Supplied material below:

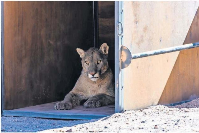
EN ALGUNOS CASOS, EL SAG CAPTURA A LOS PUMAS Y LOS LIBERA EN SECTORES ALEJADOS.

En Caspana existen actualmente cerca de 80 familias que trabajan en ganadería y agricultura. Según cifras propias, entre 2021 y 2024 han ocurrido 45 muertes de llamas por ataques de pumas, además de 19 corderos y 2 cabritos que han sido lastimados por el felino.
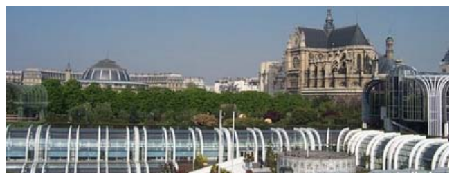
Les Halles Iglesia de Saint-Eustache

End of Supplied material.
Supplied material below:

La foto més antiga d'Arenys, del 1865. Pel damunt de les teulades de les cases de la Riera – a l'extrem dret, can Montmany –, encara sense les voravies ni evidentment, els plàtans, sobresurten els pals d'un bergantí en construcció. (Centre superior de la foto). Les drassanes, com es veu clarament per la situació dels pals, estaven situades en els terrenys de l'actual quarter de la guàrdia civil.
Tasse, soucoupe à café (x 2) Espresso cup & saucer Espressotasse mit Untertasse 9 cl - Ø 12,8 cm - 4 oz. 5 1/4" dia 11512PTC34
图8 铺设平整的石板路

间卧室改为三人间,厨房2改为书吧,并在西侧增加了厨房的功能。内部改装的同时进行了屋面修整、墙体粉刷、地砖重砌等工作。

End of Supplied material.

Your objective - What you write out is the stretch of entries from the line containing "EN ALGUNOS CASOS, EL" to the line containing "Les Halles Iglesia de Saint-Eustache", word for word, with both end lines and no pictures.

Finished exercise -
EN ALGUNOS CASOS, EL SAG CAPTURA A LOS PUMAS Y LOS LIBERA EN SECTORES ALEJADOS.

En Caspana existen actualmente cerca de 80 familias que trabajan en ganadería y agricultura. Según cifras propias, entre 2021 y 2024 han ocurrido 45 muertes de llamas por ataques de pumas, además de 19 corderos y 2 cabritos que han sido lastimados por el felino.
Les Halles Iglesia de Saint-Eustache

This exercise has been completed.